- [RECORD SET]:

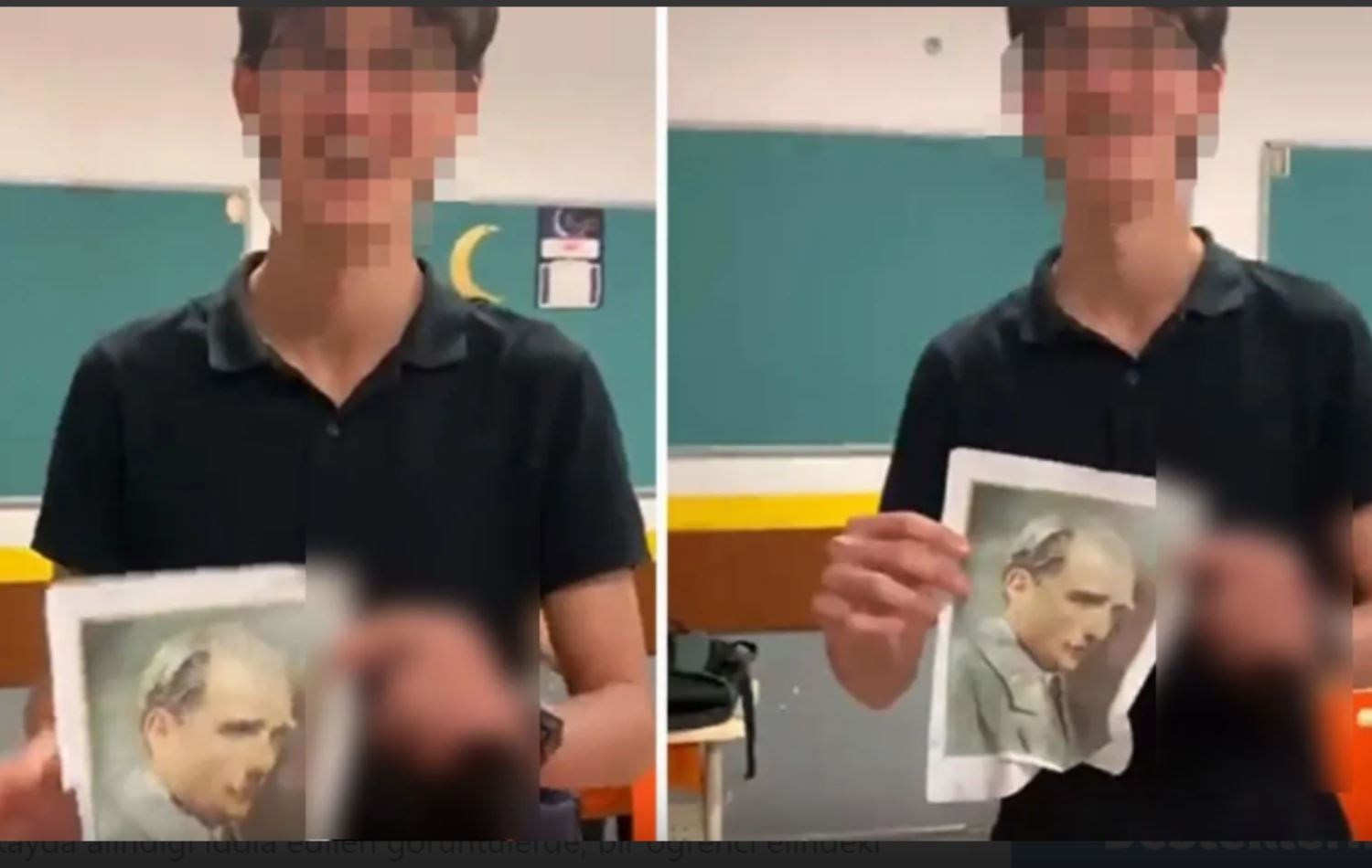 لە تۆمارە ڤیدیۆییەکەدا ئەو خوێندکارە وێنەیەکی مستەفا کەمال ئەتاتورکی لە پەرتووکەکەی کردووەتەوە و سووکایەتی پێدەکات و هاوڕێکانی بە مۆبایل تۆماری دەکەن.
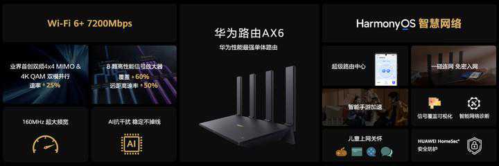 华为路由AX6是一台单体路由器,速率可达7200Mbps,拥有8颗高性能型号放大放大器,轻松穿透3堵墙。华为在发布会上表示,这是性能最强的单体路由器。
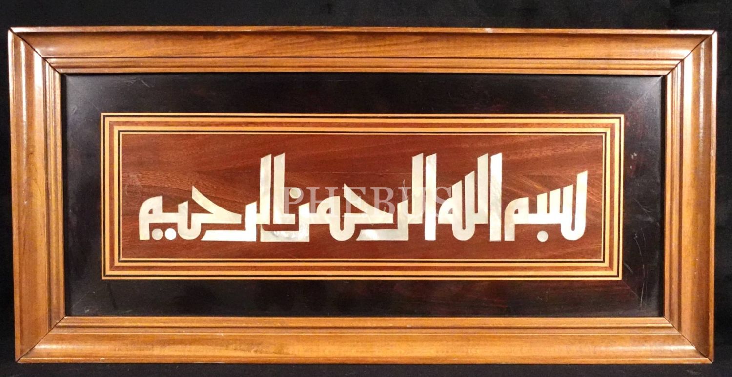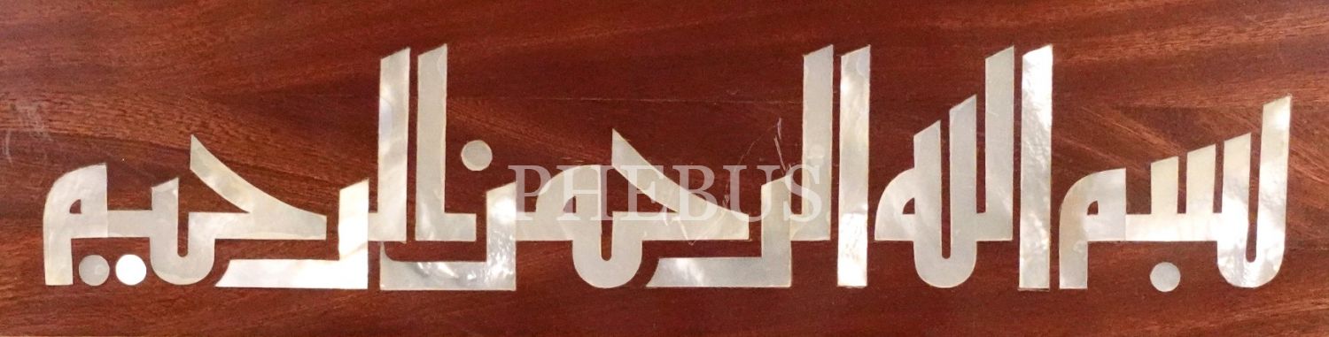 Salih Balakbabalar ustalığıyla ahşap üzeri sedef kakma kûfi besmele, 27x57 cm
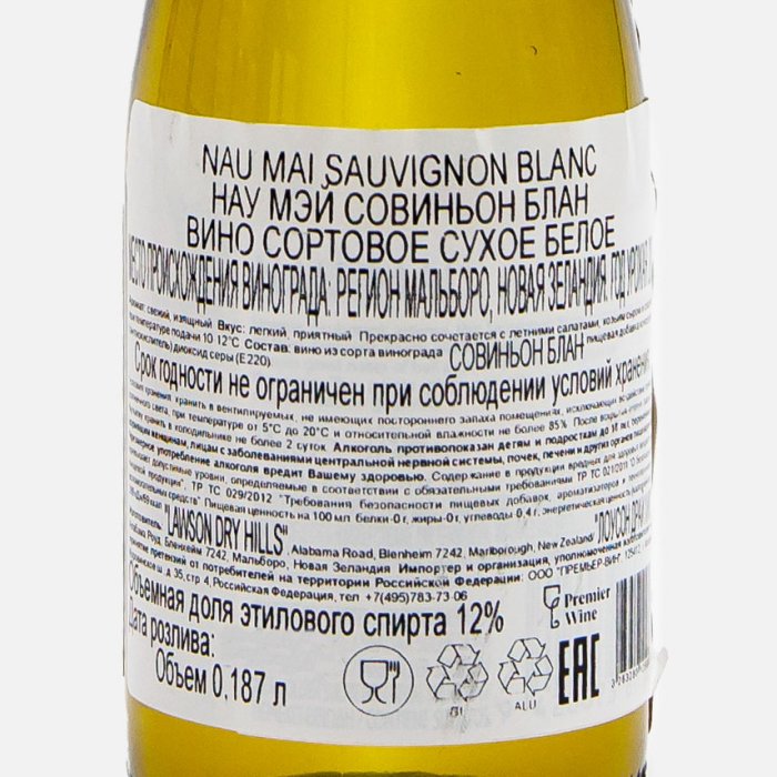 Вино Нау Мэй Совиньон Блан сорт бел сух 12-13% ст/б 0,187л
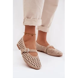 Dámské baleríny s krajkovým vzorem s kamínky a s páskem Bežowe Wilvessa
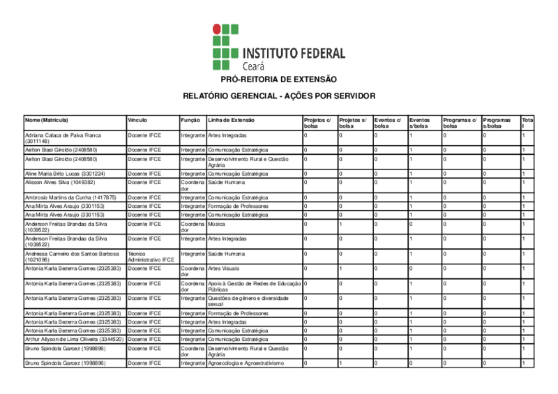 Antonia Karla Bezerra Gomes IFCE Coordenador Docente IFCE Não 1 05/12/2023 05/12/2023
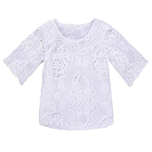 Cutelove 子供服 Tシャツ 上着 シャツ ブラウス 半袖 5分袖 レース 女の子 ベビー 可愛い 夏 ホワイト
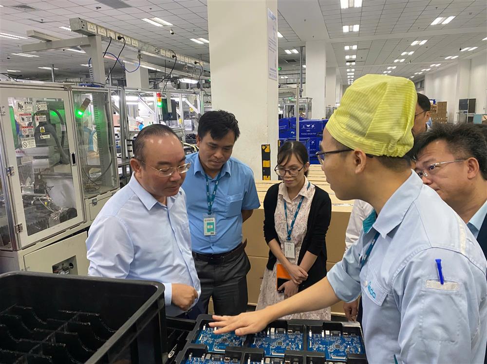 Trong khuôn khổ chuyến công tác, Đoàn đã tham quan và làm việc tại một số khu công nghiệp tiêu biểu của tỉnh Ninh Bình: Khu công nghiệp Đồng Văn IV, Khu công nghiệp Gián Khẩu. Tại khu Công nghiệp Đồng Văn IV, Đoàn đã có buổi làm việc với Tổng công ty Viglacera, Chủ đầu tư hạ tầng Khu công nghiệp, để trao đổi về công tác xây dựng, ứng dụng công nghệ thông tin, trí tuệ nhân tạo AI trong quản lý cơ sở dữ liệu và điều hành hoạt động của Khu công nghiệp; thảo luận, đề xuất các giải pháp phát triển mô hình khu công nghiệp sinh thái – hướng đi đang được nhiều địa phương quan tâm trong bối cảnh chuyển đổi sang kinh tế xanh. Đến tham quan, làm việc với Công ty TNHH QISDA Việt Nam – một trong những doanh nghiệp công nghệ hoạt động hiệu quả tại khu công nghiệp Đồng Văn IV, các thành viên trong Đoàn đã được trực tiếp tìm hiểu quy trình sản xuất, mô hình quản trị tiên tiến và ứng dụng công nghệ trong quản lý, vận hành nhà máy.
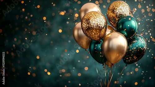 A festive arrangement of gold and emerald green balloons on a deep emerald background with shimmering gold confetti, ideal for New Year's or anniversary celebrations.
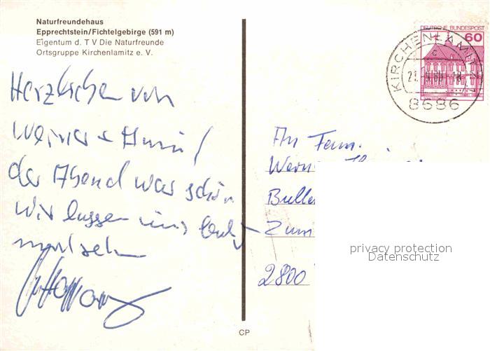 72659541 alte Postkarte Kirchenlamitz Naturfreundehaus Epprechtstein postalisch gelaufen Erhaltung siehe scans [NatalD47] KatCode: 11110009479129
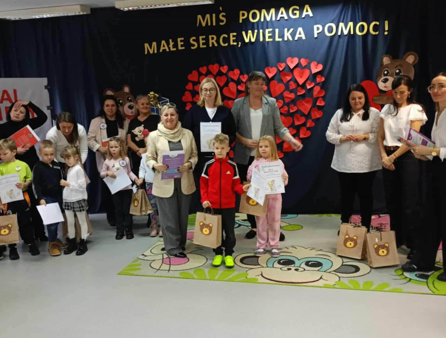 Wszystkie przedszkola włączyły się w akcję charytatywną „Misiowa Paczka Dobra”, przygotowując dary dla dzieci przebywających w szpitalach oraz wykonując niezwykłe, własnoręcznie ozdobione papierowe torby. Każda z nich była jedyna w swoim rodzaju – pełna kolorów, serc i dobrych myśli.

- [EXERCISE GOAL]: Without any pictures, return the entries exactly as given.

- [TASK RESULT]:
 لە تۆمارە ڤیدیۆییەکەدا ئەو خوێندکارە وێنەیەکی مستەفا کەمال ئەتاتورکی لە پەرتووکەکەی کردووەتەوە و سووکایەتی پێدەکات و هاوڕێکانی بە مۆبایل تۆماری دەکەن.
 华为路由AX6是一台单体路由器,速率可达7200Mbps,拥有8颗高性能型号放大放大器,轻松穿透3堵墙。华为在发布会上表示,这是性能最强的单体路由器。
 Salih Balakbabalar ustalığıyla ahşap üzeri sedef kakma kûfi besmele, 27x57 cm
 Вино Нау Мэй Совиньон Блан сорт бел сух 12-13% ст/б 0,187л
 Dámské baleríny s krajkovým vzorem s kamínky a s páskem Bežowe Wilvessa
 Antonia Karla Bezerra Gomes IFCE Coordenador Docente IFCE Não 1 05/12/2023 05/12/2023
 Cutelove 子供服 Tシャツ 上着 シャツ ブラウス 半袖 5分袖 レース 女の子 ベビー 可愛い 夏 ホワイト
 Trong khuôn khổ chuyến công tác, Đoàn đã tham quan và làm việc tại một số khu công nghiệp tiêu biểu của tỉnh Ninh Bình: Khu công nghiệp Đồng Văn IV, Khu công nghiệp Gián Khẩu. Tại khu Công nghiệp Đồng Văn IV, Đoàn đã có buổi làm việc với Tổng công ty Viglacera, Chủ đầu tư hạ tầng Khu công nghiệp, để trao đổi về công tác xây dựng, ứng dụng công nghệ thông tin, trí tuệ nhân tạo AI trong quản lý cơ sở dữ liệu và điều hành hoạt động của Khu công nghiệp; thảo luận, đề xuất các giải pháp phát triển mô hình khu công nghiệp sinh thái – hướng đi đang được nhiều địa phương quan tâm trong bối cảnh chuyển đổi sang kinh tế xanh. Đến tham quan, làm việc với Công ty TNHH QISDA Việt Nam – một trong những doanh nghiệp công nghệ hoạt động hiệu quả tại khu công nghiệp Đồng Văn IV, các thành viên trong Đoàn đã được trực tiếp tìm hiểu quy trình sản xuất, mô hình quản trị tiên tiến và ứng dụng công nghệ trong quản lý, vận hành nhà máy.
 A festive arrangement of gold and emerald green balloons on a deep emerald background with shimmering gold confetti, ideal for New Year's or anniversary celebrations.
 72659541 alte Postkarte Kirchenlamitz Naturfreundehaus Epprechtstein postalisch gelaufen Erhaltung siehe scans [NatalD47] KatCode: 11110009479129
 Wszystkie przedszkola włączyły się w akcję charytatywną „Misiowa Paczka Dobra”, przygotowując dary dla dzieci przebywających w szpitalach oraz wykonując niezwykłe, własnoręcznie ozdobione papierowe torby. Każda z nich była jedyna w swoim rodzaju – pełna kolorów, serc i dobrych myśli.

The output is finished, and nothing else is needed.